Required action -
Begin at the line below that has "Hollenburg | ||". Stop after the line that has "昨年実施して大好評だった「脱", repeating each line exactly and leaving out the pictures.

---------- Recorded data ----------

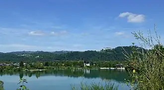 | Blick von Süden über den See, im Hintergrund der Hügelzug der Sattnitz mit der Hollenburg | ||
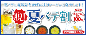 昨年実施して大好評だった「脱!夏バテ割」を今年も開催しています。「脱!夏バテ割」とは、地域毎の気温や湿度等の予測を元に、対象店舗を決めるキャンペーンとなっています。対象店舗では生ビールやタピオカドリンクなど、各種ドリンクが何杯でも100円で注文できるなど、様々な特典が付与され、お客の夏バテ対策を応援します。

----------
---------- Recorded data ----------

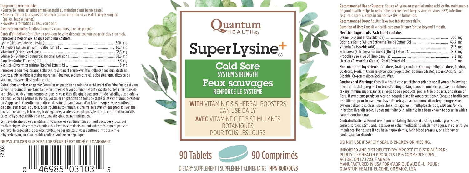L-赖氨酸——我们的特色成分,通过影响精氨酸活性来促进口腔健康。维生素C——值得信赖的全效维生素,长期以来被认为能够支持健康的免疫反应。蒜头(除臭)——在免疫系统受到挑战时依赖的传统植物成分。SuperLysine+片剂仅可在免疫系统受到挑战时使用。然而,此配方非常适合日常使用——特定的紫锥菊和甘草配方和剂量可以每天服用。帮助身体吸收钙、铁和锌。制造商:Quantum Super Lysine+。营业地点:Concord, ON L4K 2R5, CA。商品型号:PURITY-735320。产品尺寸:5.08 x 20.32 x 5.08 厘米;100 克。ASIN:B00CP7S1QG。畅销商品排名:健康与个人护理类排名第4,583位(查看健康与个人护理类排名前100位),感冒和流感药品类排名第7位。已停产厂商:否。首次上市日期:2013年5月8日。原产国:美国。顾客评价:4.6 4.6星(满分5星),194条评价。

----------

Response to this task -
 | Blick von Süden über den See, im Hintergrund der Hügelzug der Sattnitz mit der Hollenburg | ||
 昨年実施して大好評だった「脱!夏バテ割」を今年も開催しています。「脱!夏バテ割」とは、地域毎の気温や湿度等の予測を元に、対象店舗を決めるキャンペーンとなっています。対象店舗では生ビールやタピオカドリンクなど、各種ドリンクが何杯でも100円で注文できるなど、様々な特典が付与され、お客の夏バテ対策を応援します。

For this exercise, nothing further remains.